Kamis, 11 Juni 2020

Curhatan Seorang Muslim yang Hidup di Keluarga Katolik

JANGKARKEADILAN.COM, JAKARTA – Tahun ini istimewa sekali. Hari kelahiran Nabi Muhammad SAW dan Yesus Kristus diperingati nyaris bersamaan. Maulid pada 24 Desember, sedangkan Natal 25 Desember. Bahkan Misa Natal mulai dilakukan pada malam hari, tanggal 24 Desember.


Tentunya saya pribadi sangat senang. Bukan, bukan karena libur panjangnya, tapi karena saya bisa ikut merayakan dua hari raya keagamaan tersebut. Indahnya bergandengan, bukan? Sudah pasti lebih indah daripada bergandengan sama gebetan baru saat Hari Valentine.

Nama saya, Isidorus Rio Turangga. Nama boleh Isidorus, tapi saya adalah seorang Muslim yang hidup di tengah-tengah keluarga besar yang 90%-nya adalah Katolik. Bagi kami, ribut-ribut asal nyebut soal topi Santa dan larangan ucapan ‘Selamat Natal’ dari seorang Muslim atau Muslimah ibarat komedi di siang bolong.

Bahkan, saat curhatan ini diketik, saya sedang di sela kegiatan menghias pohon Natal, yang dibeli ibu saya yang notabene adalah seorang Katolik taat. Kami merayakan Natal, Idul Fitri, dan hari-hari besar keagamaan setiap tahunnya betul-betul dengan semangat kebersamaan dan cinta kasih.

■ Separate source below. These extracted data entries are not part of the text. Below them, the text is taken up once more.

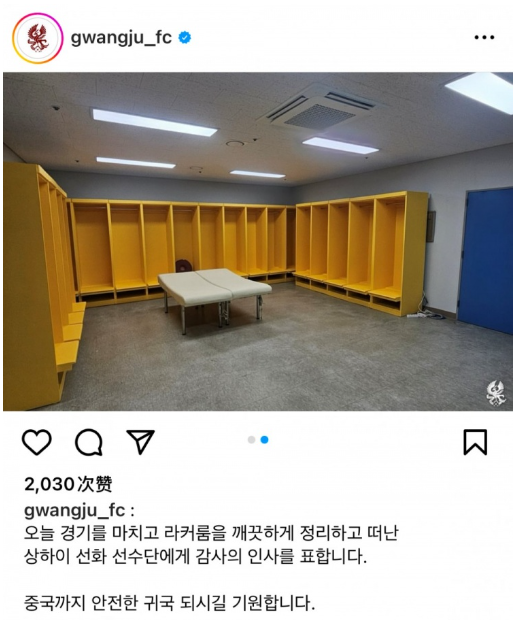光州FC感謝申花清理更衣室並祝福球隊平安返程
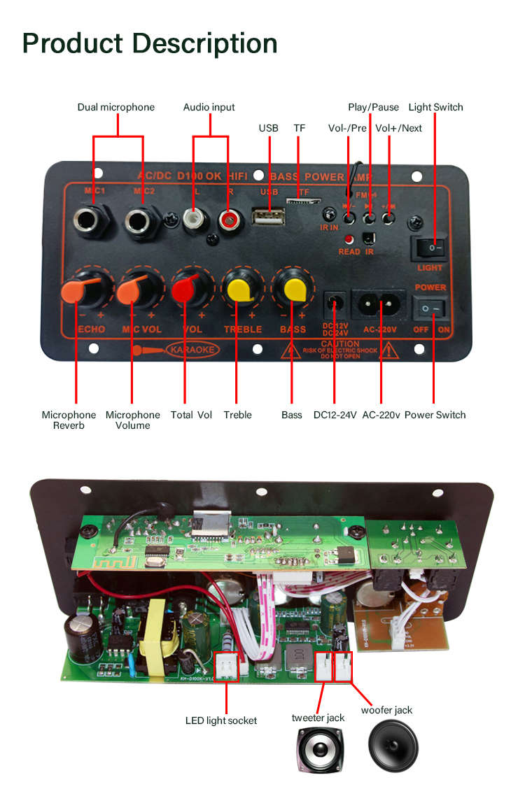 -Двойной микрофонный вход, регулируемая реверберация, с Bluetooth и FM-радио.
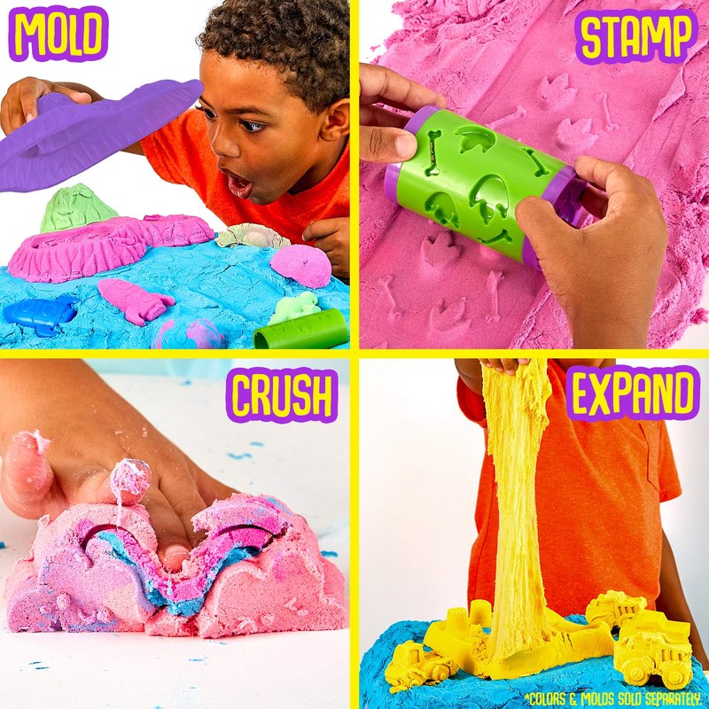 - EXTENDED PLAY: Use stamps, molds, rollers and sand toys to play all day Build it up, then knock it down; mold it and stretch it; roll and marbleize it
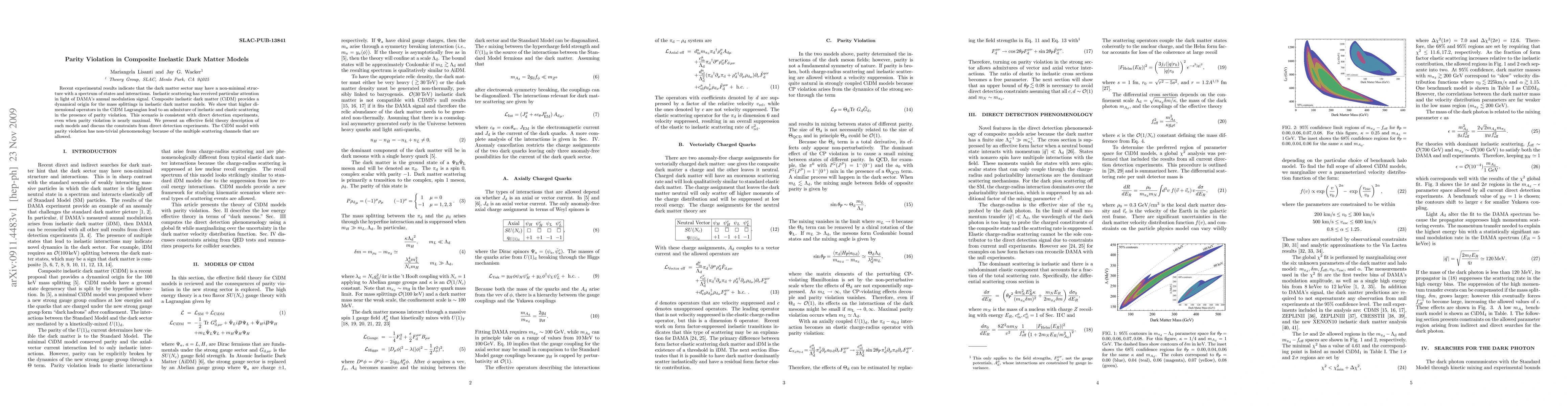 Recent experimental results indicate that the dark matter sector may have a non-minimal structure with a spectrum of states and interactions. Inelastic scattering has received particular attention in light of DAMA's annual modulation signal. Composite inelastic dark matter (CiDM) provides a dynamical origin for the mass splittings in inelastic dark matter models. We show that higher dimensional operators in the CiDM Lagrangian lead to an admixture of inelastic and elastic scattering in the presence of parity violation. This scenario is consistent with direct detection experiments, even when parity violation is nearly maximal. We present an effective field theory description of such models and discuss the constraints from direct detection experiments. The CiDM model with parity violation has non-trivial phenomenology because of the multiple scattering channels that are allowed.
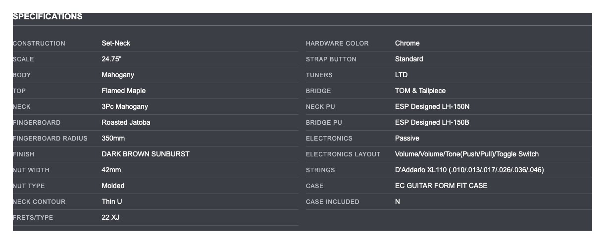 Una forma classica eccellente per tutti gli stili e generi musicali, l'EC-256FM è disponibile in molteplici finiture e offre caratteristiche che normalmente si associano alle chitarre di fascia alta, come un top in acero fiammato, rilegatura su corpo, manico e paletta, e costruzione a collo fisso per un accesso facile e veloce ai tasti più alti. L'EC-256FM presenta anche un corpo in mogano, un comodo manico in mogano sottile a forma di U in tre pezzi e una tastiera in jatoba arrostito con intarsi e 22 tasti extra-jumbo. Questa chitarra presenta i nostri acclamati pickup humbucking LH-150 progettati da ESP che offrono un suono eccezionale per tutti i generi musicali e la flessibilità del tono della divisione della bobina controllata da un interruttore push-pull sulla manopola del tono.
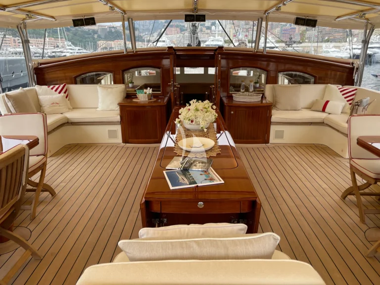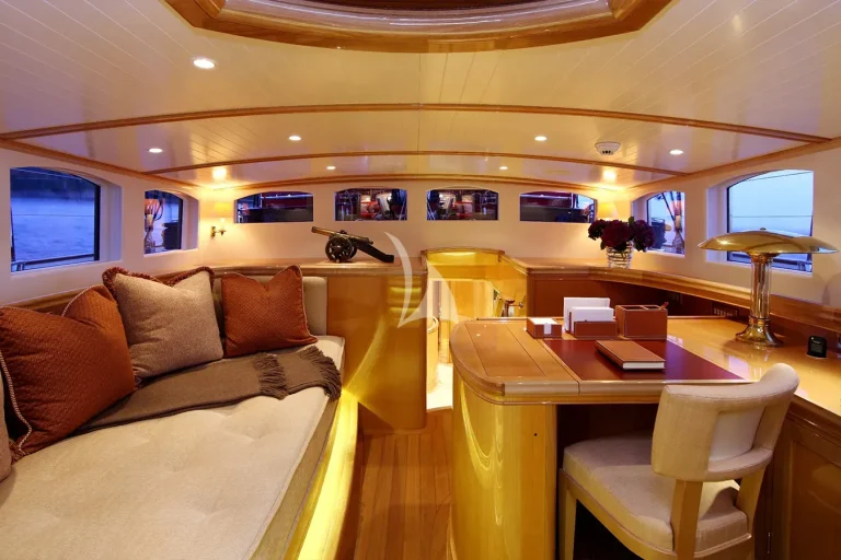 Traditional craftsmanship and modern technology have created a fast, comfortable sailing yacht with a light interior and a sophisticated style. Nautical paintings, antiques, a baby grand piano and actual working cannons will take you back in time of adventure excitement and the romance of the sea.

Saat puasa di Bulan Ramadan, saya selalu disiapkan hidangan sahur dan buka puasa yang tentu rasanya enak dan yang paling penting, gratis. Belum lagi, ketika Idul Fitri, tak jarang sarung dan baju koko baru selalu dibelikan khusus untuk saya.

Sudahlah, tak perlu ikut-ikutan share meme-memean atau tautan berita yang provokatif. Bagi kami hanya jadi bahan tertawaan. Yang lagi ramai soal pemakaian topi Santa. Begini kata-katanya: “Tolak! Topi Santa untuk kaum Muslimin. Coba mereka disuruh pake jilbab dan kopiah untuk menyambut Idul Fitri, pada mau gak???”

Kata-kata itu menggelitik sekali kayak kuping dikilik-kilik pake bulu ayam bandot. Hesteknya pun bikin ngakak, #AgamaJanganBuatMainMain. Lho, yang buat main-main agama itu siapa?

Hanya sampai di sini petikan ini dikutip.